Backlog and coverage ratio
Backlog is the order book: signed contracts that are not yet fully revenue-recognised. Coverage ratio puts that backlog in relation to expected revenue in the next quarters. A coverage ratio of 0.8 for the next quarter means that 80 percent of the revenue plan is already covered by signed contracts. Investors read backlog as a leading indicator. Rising revenue with shrinking coverage ratio means growth comes from existing contracts, not new business, which is the precise trigger for asking whether the sales engine actually works.
Project P&L vs. period P&L
A statutory P&L (period view) is not enough in a project business. Investors want a project P&L on top: for each material project, a separate breakdown of revenue, direct cost, project margin and status. With a portfolio of ten to fifty active projects, this is its own reporting workstream, typically maintained in a dedicated tool (project controlling software, ERP module or structured spreadsheets). In well-run companies, management and investors know the five largest projects by name at every cut-off, with status traffic light and commercial expectation.
Sector patterns: where the KPI emphasis shifts
The four KPIs of the previous section apply across every project business. The emphasis shifts by sector, and investors expect founders and CFOs to know those shifts.
Plant and machinery
Multi-year project durations, high material and subcontractor share (typically 60 to 75 percent), down-payment-driven cash profiles, security retentions over warranty periods of two to five years. KPI emphasis: backlog with coverage ratio over 18 to 36 months, cash conversion cycle including release of security retention, project margin variance per order with breakout into material, subcontractor and own-effort share. Often underestimated: engineering change orders (contract changes during project execution) as a separate KPI line, because they can move the original project margin meaningfully. In hybrid models (plant business plus maintenance contracts) a separate view pays off: project margin in the new build, ARR characteristics in the service share. In PE reporting often additionally: EBITDA bridge before and after project risk discounts.

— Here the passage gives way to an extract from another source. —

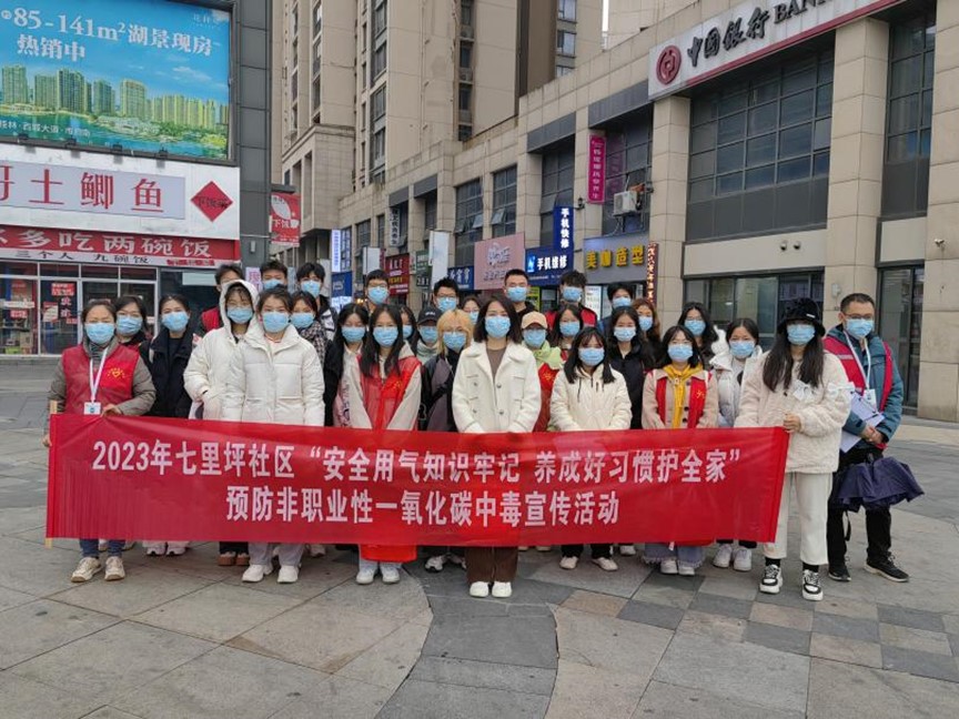 2023年11月15日下午,2023级预防医学本科班在七里坪社区开展了“安全用气知识牢记,养成好习惯护全家”预防非职业性一氧化碳中毒宣传活动。本次宣传活动旨在通过多种方式向市民普及相关知识,教育大众如何预防一氧化碳中毒,从而减少事故发生,保障居民的生命安全。

Cleantech EPC: solar, wind, battery storage, heat-pump installation
A common mix of B2B large projects (solar parks, wind farms, BESS plants, heat networks) and granular private or commercial work (rooftop PV, residential heat-pump installation). KPI emphasis: order mix by segment, installation cycle time per order type (from contract signature to commissioning), material share under volatile module and component prices, customer acquisition cost (CAC) in the B2C segment, subsidy and grant pipeline as a backlog component. Pipeline tracking along the typical stages (lead → site survey → quote → contract → installation → acceptance → grid connection) is decisive for forecast accuracy in residential business. PE buy-and-build in the cleantech installation market additionally requires consolidated project P&L view across multiple subsidiaries, which is operationally heavy where the ERP landscape is heterogeneous.
Defence tech and dual-use
Multi-year government contracts in several formats: firm fixed price (FFP) for clearly scoped deliverables, time-and-material (T&M) for open scope, cost-plus variants (CPFF, CPIF, CPAF) for R&D-heavy programmes, indefinite-delivery-indefinite-quantity (IDIQ) as a framework with task orders. In a DACH context: contracts with the Bundesamt für Ausrüstung, Informationstechnik und Nutzung (BAAINBw, the German federal armed forces procurement agency), NATO programmes, the European Defence Fund (EDF). KPI emphasis: backlog by contract phase (bid, awarded, in execution, closed) and contract type, FFP versus T&M versus cost-plus mix, earned value management (EVM) with cost performance index and schedule performance index on cost-plus and incentive contracts (often contractually mandated), compliance overhead from export control (Kriegswaffenkontrollgesetz in Germany, EU dual-use regulation), cash profiles with the agency-specific down-payment structure. Reporting requirements sit closer to classic plant business than to SaaS reporting.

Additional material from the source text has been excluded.